Get up, strap the boards on, drive for 3 hours into torrential freezing rain and gale force winds to find that it's actually 1-2 foot and horrifically blown out. But then you get suited up and go in anyway, because 'you drove all this way'.
You paddle out past the take-off point, by which time you can no longer feel your hands or feet because it's so cold and you have a ringing ice-cream headache.
You sit on your board and immediately get blown off the peak by the hideous cross-shore gales. You paddle against it until you can't go on, but you're now miles from where you started, so you think - 'I'll just try and catch something here' you paddle for a dribbly 1 1/2 footer, get up and it immediatly closes out on you.

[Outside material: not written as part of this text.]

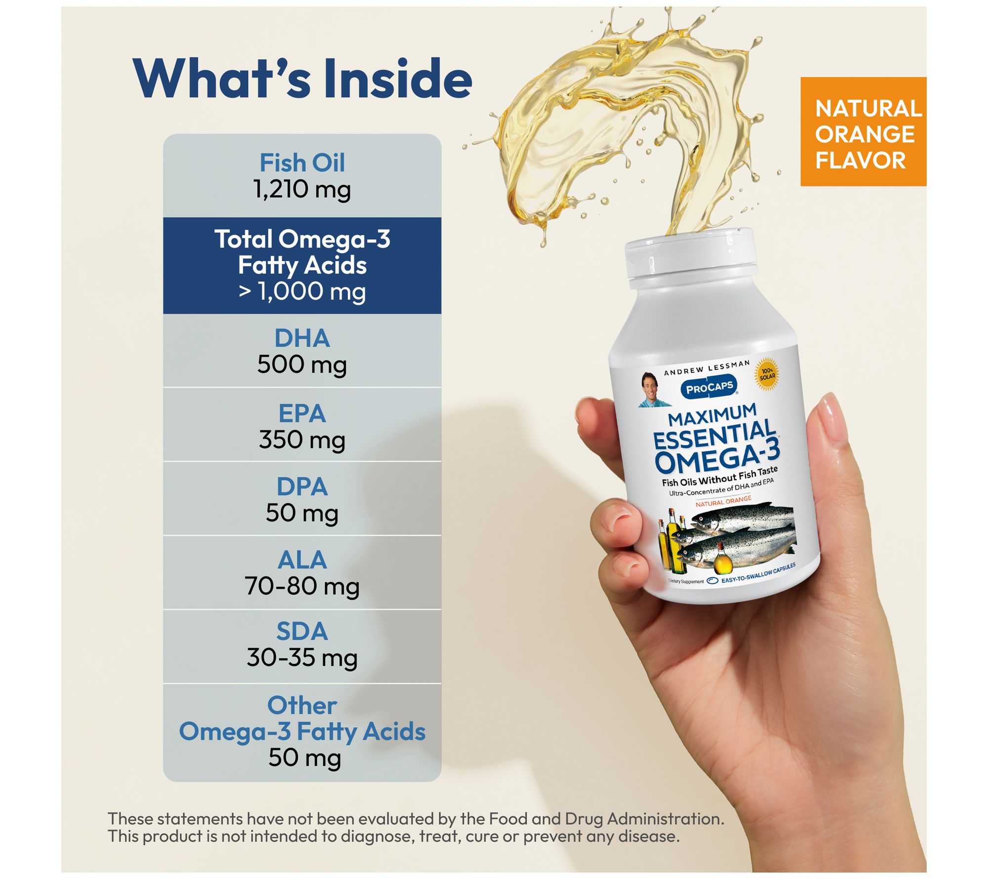 Andrew Lessman's Maximum Essential Omega-3 is a high-potency blend of ultra-pure Omega-3s uniquely delivered with absolutely no fishy aftertaste. These Omega-3s exist in their most active, natural triglyceride form and not as inferior, synthetic ethyl esters.

You try to kick out, but lose your balance cos you now can't feel any of your lower legs. You get sucked through the whitewater until you wind up in a foot of water.

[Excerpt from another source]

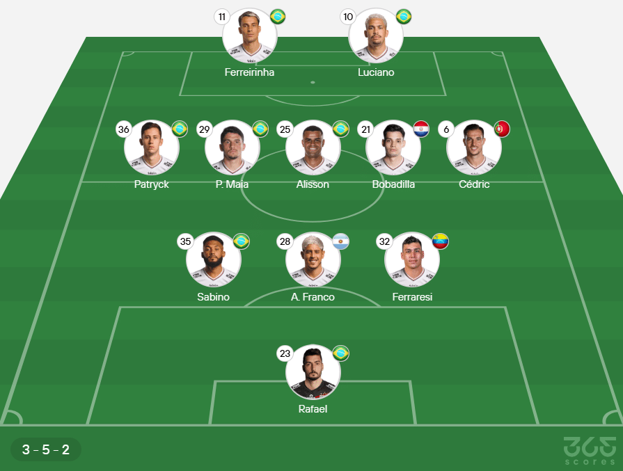 Provável escalação do São Paulo: Rafael; Ferraresi, Alan Franco e Sabino; Cédric, Bobadilla, Alisson, Pablo Maia e Patryck; Ferreirinha e Luciano.

You stand up and retrieve your board. Looking back out to sea you realise 'it's bleedin' miles back to the lineup' and you're shattered and numb. So you decide to call it a day and turn to go back up the beach only to find that you've drifted so far down the beach, you can't find your way back to the car cos all the dunes look the same.
After an hour of battling against the icy wind, which has blown your board out of your hand twice because your fingers can't grip any more, you make it back to the car. You try and get your wetsuit boots off, but nearly break your near-frostbitten fingers in the process.
Finally you're down to your shorts and a towell that is too small with the wind whipping sand at your shivering body. Eventually you manage to pull on some clothes and chuck everything in the car and the rains starts pouring as you get the board strapped back on. So you decide to head to the nearest cafe to buy yourself an overpriced cup of tea. You sit huddled up in a window seat so that you can make sure no-one is trying to steal your board off the roof. Finally warmth returns to your now aching body, and this new warmth releases the salt water from your sinuses which falls into your tea with a plop. You now can't drink the rest of your tea and decide to head for home.
You drive the 5 hours home (now there's traffic) and collapse on the sofa. At 2 in the morning you rush to the bathroom to be violently ill, because you have been surfing where the stormy seas have been washing the sewage outlet back into the shore.
You spend the next 2 weeks feeling like death, then finally log in to your computer. Log in to surfing-waves.com and post about your 'epic session in 4 ft glassy conditions'
Penguins & Dolphins?? Who needs em!!